CREATING A THOUGHTFUL WATERSHED PLAN
All water in the Santa Fe River watershed begins as falling rain and snow. This may sound simplistic, but often we assume that we have always had reservoirs, rivers, and groundwater to draw from. We say our river flows from Santa Fe Lake to the Rio Grande, but this isn’t quite true — flows are not all on the surface and visible.
Webster’s dictionary defines a watershed as a ridge dividing the areas drained by different river systems or the area drained by a river system. These definitions basically refer to surface geography, but what about the underlying aquifers? In the subsurface world, there are ridges and rivers that may not resemble or coincide with the surface features at all. It’s a tale of two worlds, and the two worlds are absolutely connected.
We at the Santa Fe Watershed Association like to take a “watershed approach” to our river, aquifers and region, and we recognize that, like a spider’s web, if you pull on one strand, it affects all the other strands. We are proposing that we embark on creating a watershed plan.
The Santa Fe Municipal Watershed is the top of our watershed and has been
closed to the public since 1932 for water security reasons. This area of approximately 17,000 acres is part of Santa Fe National Forest and the Pecos Wilderness area. It has been collaboratively managed by the U.S. Forest Service and the city of Santa Fe since 2010. From these upper reaches, approximately 4,000 to 5,000 acre-feet (1 acre-foot is 325,851 gallons) per year flow down the riverbed and then through the city pipes to our homes. This is the source of 40 percent of the city of Santa Fe’s drinking water.
The 2012 city of Santa Fe Living River Ordinance allows for water flows within the riverbed mimicking historical flows up to 1,000 acre-feet per year if the watershed snowpack and reservoirs are at 100 percent of historic levels. When the snowpack and storage is below 100 percent, then the river flows are proportionally reduced.
Our river’s flows generally start “going subsurface” near the Camino Alire bridge. It stays subsurface all the way to the outflow of the Paseo Real Wastewater Treatment Plant (just west of the N.M. 599Airport Road intersection), where the river is infused with between 5,600 to 8,960 acre-feet per year. River flows are replenished by only six perennial springs at La Cieneguilla, La Cienega and Cochiti Pueblo to varying degrees until the river’s remnants may make it to the Rio Grande.

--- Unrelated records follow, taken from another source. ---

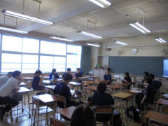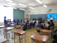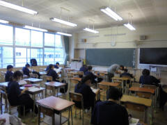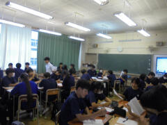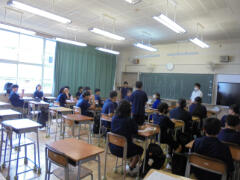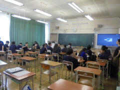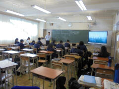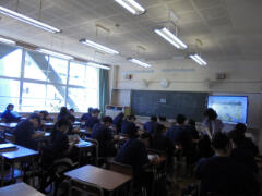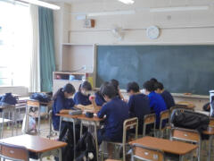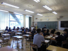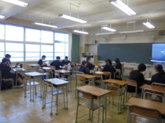 11月25日(火)の授業のようすです。1年生の美術では、レタリングを勉強していました。先生が電子黒板に書き方を実際に撮してくれるので、わかりやすかったです。2年生では英語の授業でALTの先生が授業を行っていました。3年生の国語では、「合意形成に向けて話し合おう」という授業で、班でテーマをもとに話し合う中で、複数の意見の共通点を見出して、多様な考え方を認め合いながら、合意形成に向かって話し合っていました。かなり難しい話し合いです。でもさすが3年生。司会者を中心によく頑張っていました。入試の面接や就職の集団面接でも活かされそうです。民主主義のキホンですね!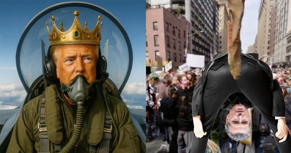 When Trump responded to the recent nationwide “No Kings” protests by reposting an AI-generated video of himself flying a fighter jet and dumping what appears to be sewage onto the protestors below, it was a new low. That’s when California Governor Gavin Newsom stepped in. No stranger to clapping back at Trump using his own crude language, Gavin posted a new version of the video, this time with himself inserted in the crowd catching every last drop of the shit with his own ass and then waddling over to a nearby porta-potty and properly disposing of the waste. Gavin’s caption for the post was also characteristically on-point: “In California, we deposit our solid waste into a TOILET, Mr. Trump. Here, fixed it for you.”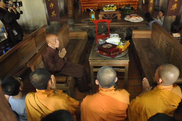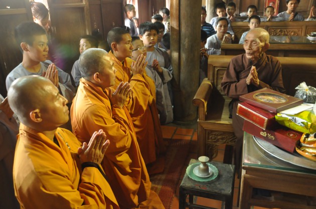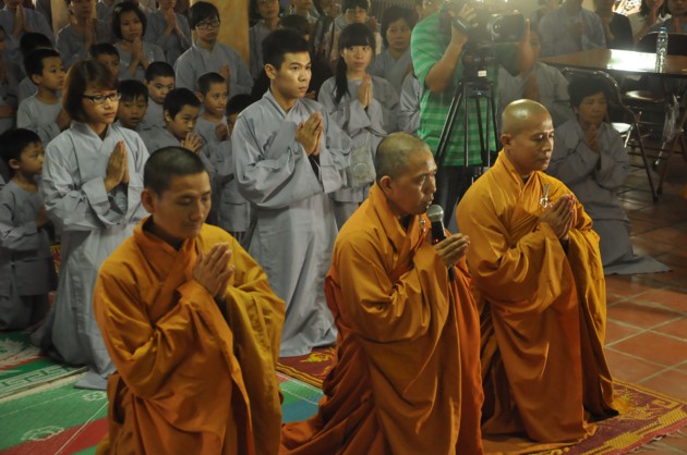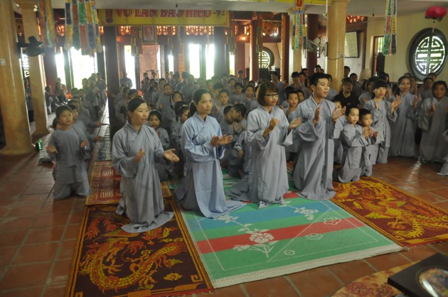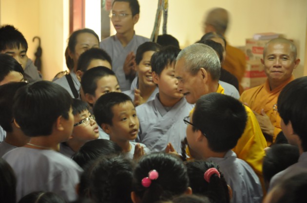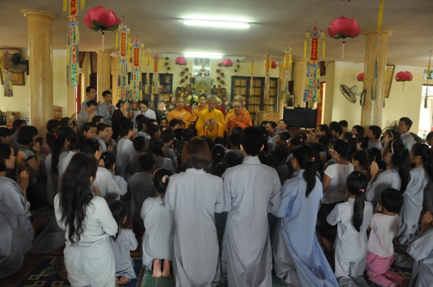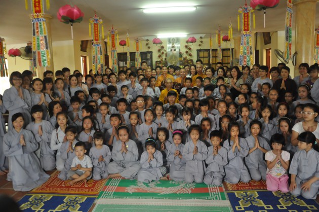 Đúng 7h30, xe bắt đầu lăn bánh, các bạn thiếu nhi theo nhóm đã được chia lên 4 xe, mỗi xe do 2 anh chị phụ trách. Trên xe các bạn thiếu nhi được ca hát, chơi những trò chơi đạo pháp, đường xa càng thêm ngắn lại. 9h thì xe về tới chùa Ráng. Sau khi ổn định đội hình, dưới sự dẫn dắt của quý thầy và anh chị phụ trách, các bạn thiếu nhi đã được đảnh lễ và nghe những lời pháp nhũ ân cần của Đại lão Hòa thượng Pháp chủ. Các quý thầy cùng các con đã pháp nguyện “Y giáo phụng hành”, nguyện làm theo những lời dậy của Đức Pháp chủ cố gắng tinh tấn trên con đường tu tập đạo giác ngộ giải thoát. Riêng các bạn thiếu nhi đã được Hòa thượng dạy bảo một cách ân cần, phải luôn cố gắng là một người con ngoan trò giỏi. Các anh chị huynh trưởng cũng được Hòa thượng sách tấn, là người đi trước phải có trách nhiệm dìu dắt các mầm măng phật pháp vươn lên sao cho xứng đáng với công lao sâu dày các bậc tiền nhân.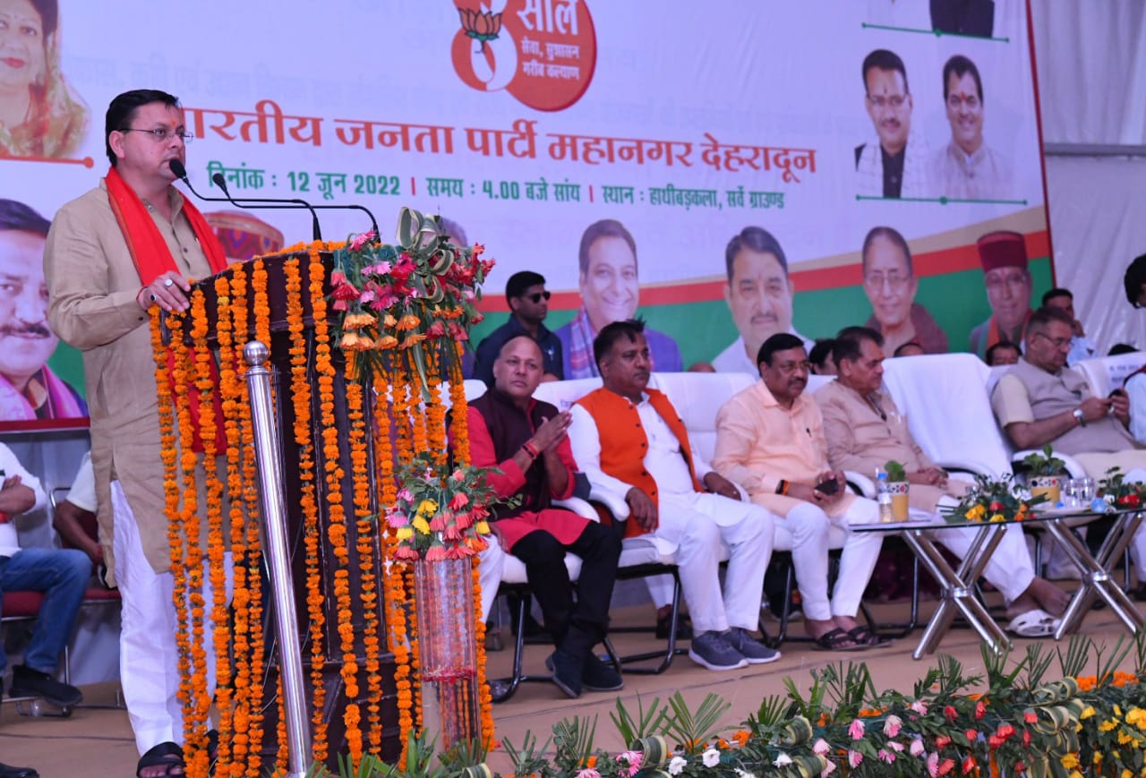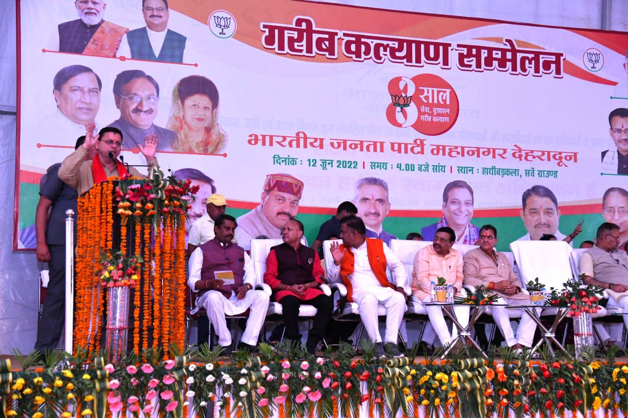 मुख्यमंत्री श्री पुष्कर सिंह धामी ने आज प्रधानमंत्री श्री नरेन्द्र मोदी के नेतृत्व में 08 वर्ष पूर्ण होने के अवसर पर आयोजित गरीब कल्याण सम्मेलन को सम्बोधित किया।

From the accounts of early Spanish explorers, there were upward of 36 springs feeding the Santa Fe River.
In the lower watershed areas, the river surface flows have been severely reduced by the decline of groundwater levels. The past decades have seen a large increase in the number of private wells that have drawn on that aquifer, and that surface water chases the groundwater downward. Therefore, the Santa Fe River surface flows in the lower reaches are dependent upon our ability to manage the groundwater reservoirs.
Without knowing the amount of groundwater, we cannot manage it, so we are strong proponents of including the Santa Fe River Traditional Communities Collaborative in a Santa Fe River watershed plan. All stakeholders to the watershed must have a voice in this process, be open and transparent, and formalize the heretofore verbal collaborations. This plan ultimately creates the “web” that becomes the operating agreement and which will touch all of us in the Santa Fe River watershed.